As of 2000, there were 859 private households in the municipality, and an average of 2.5 persons per household. There were 238 households that consist of only one person and 73 households with five or more people. In 2000, a total of 845 apartments (92.8% of the total) were permanently occupied, while 37 apartments (4.1%) were seasonally occupied and 29 apartments (3.2%) were empty. As of 2009, the construction rate of new housing units was 0.4 new units per 1000 residents. The vacancy rate for the municipality, in 2010, was 1.08%.

The historical population is given in the following chart:

==Politics==
In the 2007 federal election the most popular party was the SPS which received 43.76% of the vote. The next three most popular parties were the CVP (22.56%), the SVP (13.05%) and the CSP (10.39%). In the federal election, a total of 634 votes were cast, and the voter turnout was 40.8%.

==Economy==
As of In 2010 2010, Courtételle had an unemployment rate of 5.8%. As of 2008, there were 46 people employed in the primary economic sector and about 20 businesses involved in this sector. 339 people were employed in the secondary sector and there were 26 businesses in this sector. 287 people were employed in the tertiary sector, with 55 businesses in this sector. There were 1,059 residents of the municipality who were employed in some capacity, of which females made up 40.3% of the workforce.

In 2008 the total number of full-time equivalent jobs was 582. The number of jobs in the primary sector was 33, of which 30 were in agriculture and 3 were in forestry or lumber production. The number of jobs in the secondary sector was 329 of which 262 or (79.6%) were in manufacturing and 67 (20.4%) were in construction. The number of jobs in the tertiary sector was 220. In the tertiary sector; 64 or 29.1% were in wholesale or retail sales or the repair of motor vehicles, 10 or 4.5% were in the movement and storage of goods, 12 or 5.5% were in a hotel or restaurant, 2 or 0.9% were in the information industry, 6 or 2.7% were the insurance or financial industry, 6 or 2.7% were technical professionals or scientists, 65 or 29.5% were in education and 18 or 8.2% were in health care.

In 2000, there were 440 workers who commuted into the municipality and 733 workers who commuted away. The municipality is a net exporter of workers, with about 1.7 workers leaving the municipality for every one entering. About 12.3% of the workforce coming into Courtételle are coming from outside Switzerland. Of the working population, 11.3% used public transportation to get to work, and 66.1% used a private car.

==Religion==
From the 2000 census, 1,736 or 79.6% were Roman Catholic, while 188 or 8.6% belonged to the Swiss Reformed Church.

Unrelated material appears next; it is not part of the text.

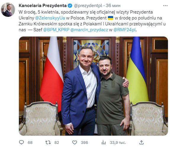 Президент Украины Владимир Зеленский в среду, 5 апреля, приедет с официальным визитом в Польшу.

Of the rest of the population, there was 1 member of an Orthodox church, and there were 63 individuals (or about 2.89% of the population) who belonged to another Christian church. There were 52 (or about 2.39% of the population) who were Islamic. There was 1 person who was Buddhist and 4 individuals who belonged to another church. 110 (or about 5.05% of the population) belonged to no church, are agnostic or atheist, and 56 individuals (or about 2.57% of the population) did not answer the question.

==Transport==
Courtételle sits on the Delémont–Delle line and is served by trains at Courtételle railway station.

==Education==
In Courtételle about 818 or (37.5%) of the population have completed non-mandatory upper secondary education, and 166 or (7.6%) have completed additional higher education (either university or a Fachhochschule). Of the 166 who completed tertiary schooling, 65.1% were Swiss men, 21.7% were Swiss women, 10.2% were non-Swiss men and 3.0% were non-Swiss women.

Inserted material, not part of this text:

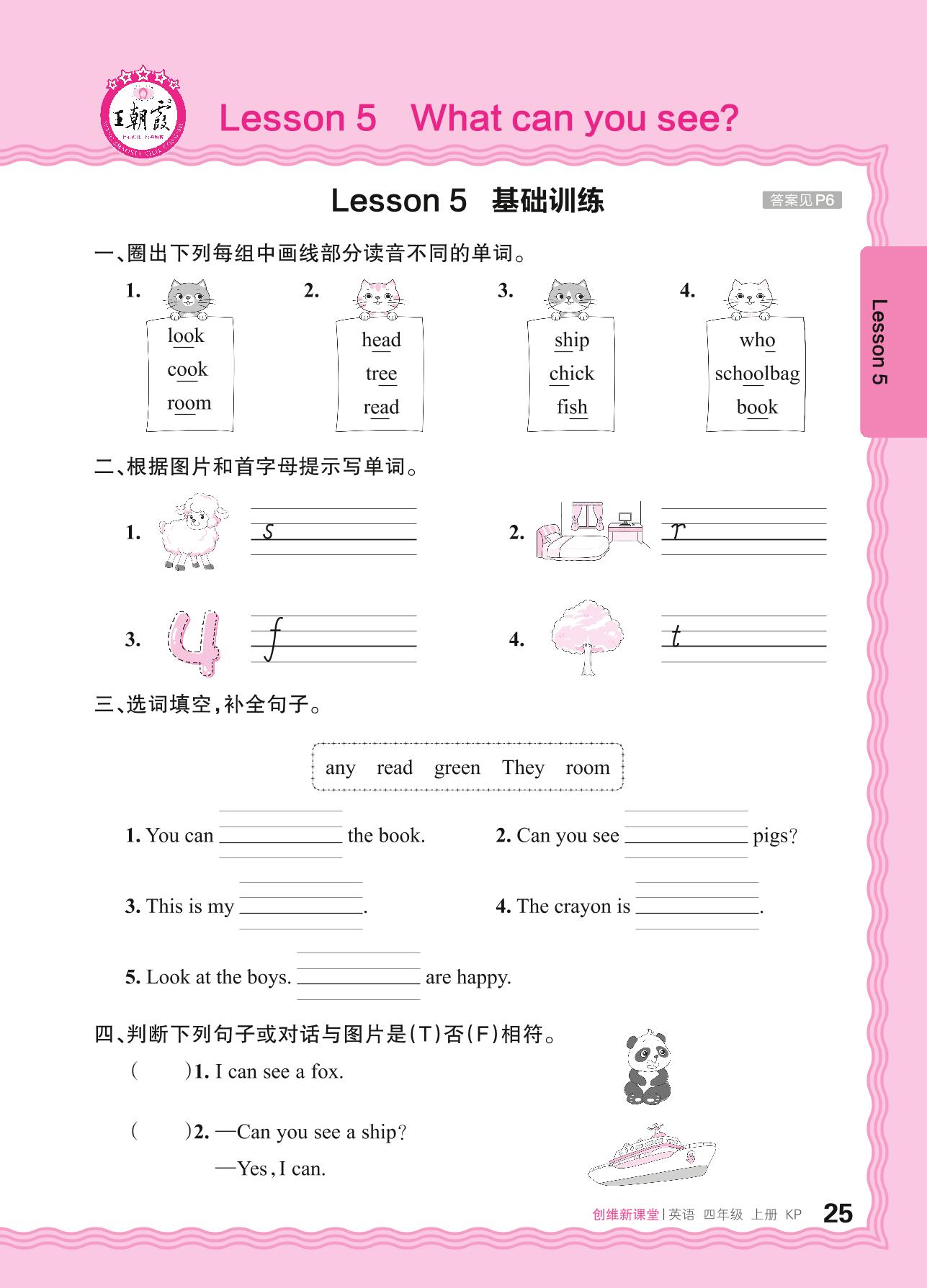 2024秋上册四年级英语科普版 Lesson 5 What can you see?基础训练

The Canton of Jura school system provides two year of non-obligatory Kindergarten, followed by six years of Primary school. This is followed by three years of obligatory lower Secondary school where the students are separated according to ability and aptitude. Following the lower Secondary students may attend a three or four year optional upper Secondary school followed by some form of Tertiary school or they may enter an apprenticeship.

During the 2009-10 school year, there were no students attending school in Courtételle. As of 2000, there were 28 students in Courtételle who came from another municipality, while 150 residents attended schools outside the municipality.